___ Recorded information

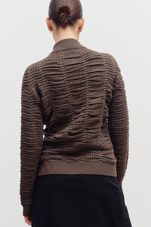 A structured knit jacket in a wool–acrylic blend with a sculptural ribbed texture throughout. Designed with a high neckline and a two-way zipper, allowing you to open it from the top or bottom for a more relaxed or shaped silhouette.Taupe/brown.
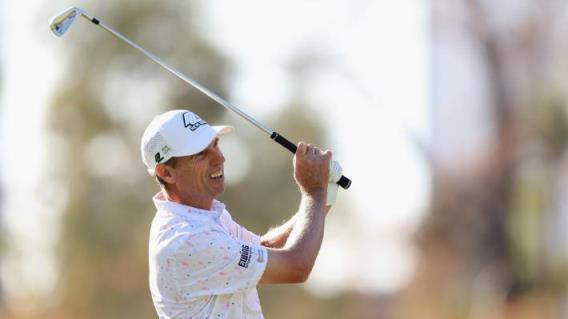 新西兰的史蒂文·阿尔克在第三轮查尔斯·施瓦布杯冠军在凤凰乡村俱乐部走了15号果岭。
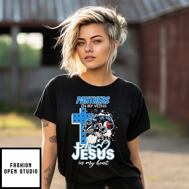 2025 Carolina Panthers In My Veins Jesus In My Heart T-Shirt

______

● Task directions
Output the material word for word, omitting its pictures.

● Result
 A structured knit jacket in a wool–acrylic blend with a sculptural ribbed texture throughout. Designed with a high neckline and a two-way zipper, allowing you to open it from the top or bottom for a more relaxed or shaped silhouette.Taupe/brown.
 新西兰的史蒂文·阿尔克在第三轮查尔斯·施瓦布杯冠军在凤凰乡村俱乐部走了15号果岭。
 2025 Carolina Panthers In My Veins Jesus In My Heart T-Shirt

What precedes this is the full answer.